Quick Quiz—October
Can You Pass This Month’s Test on Homelessness?

​Contrary to popular belief, homelessness isn’t simple. Rather, it’s complex. It’s difficult to explain, alleviate and especially difficult to solve. Each man, woman and child that passes from permanently housed to homeless confronts multiple influences that guide their destiny. Worse, a separate set of variables plays an important role in whether these individuals will remain homeless for a protracted time.

Clearly, in our experience, hopelessness is a super glue that keeps homeless men and women stuck on the streets. Many among the chronically unhoused are emotionally battered individuals who’ve simply given up on life.

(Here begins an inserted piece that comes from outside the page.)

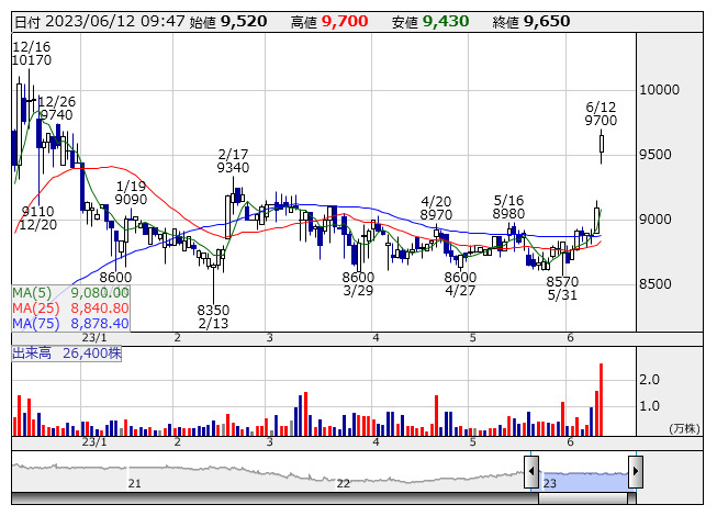 2023年06月12日09時48分 【材料】ソフトウェア大幅続伸、第2四半期営業益30%増で通期計画進捗率65%超 ソフトウェア <日足> 「株探」多機能チャートより ソフトウェア・サービス<3733>が大幅続伸し、年初来高値を更新した。同社は9日取引終了後、23年10月期第2四半期累計(22年11月~23年4月)の連結決算を発表。営業利益は前年同期比29.8%増の35億6800万円となり、通期計画54億3900万円に対する進捗率が65.6%となっていることが好感されているようだ。 売上高は同26.9%増の167億6500万円で着地。電子カルテシステムをはじめとする医療情報システムの開発・販売・導入・保守を中心に事業展開し、顧客満足度の向上に努めたことなどが奏功した。なお、通期業績予想については従来計画を据え置いている。 出所:MINKABU PRESS

They see no sense in trying to clean themselves up, get a job, become rehoused and reestablish family ties. Many figure the results, which appear implausible at best, aren’t worth the herculean effort.

Bad habits are a second major reason the unsheltered remain homeless. After living on the streets for months—or even years—unhoused men and women lose many of the good habits they formerly held. Take the work ethic, for example. For most of his life, while permanently housed and holding a steady job, a homeless man we know, Jerry, probably managed his time wisely, set financial and career goals, and worked hard to accomplish them. His life was a stellar example of stability and progression. But when he became homeless, those traits flew out the window. Instead of planned progression, Jerry literally became a drifter.

Finally, competition is a third reason homeless people remain unsheltered. The permanently housed usually perceive competition as good. Business, sports and school provide three common examples. “Competition makes the cream rise to the top,” say advocates of competition. But competition can decimate homeless people. For instance, little is edifying about fiercely competing for the scare affordable housing available in L.A. And little is gained knowing you’re among the hundred “rejects” that applied for the one position you’re qualified for in a company. After losing several of these competitive battles, droves of homeless people throw in the towel.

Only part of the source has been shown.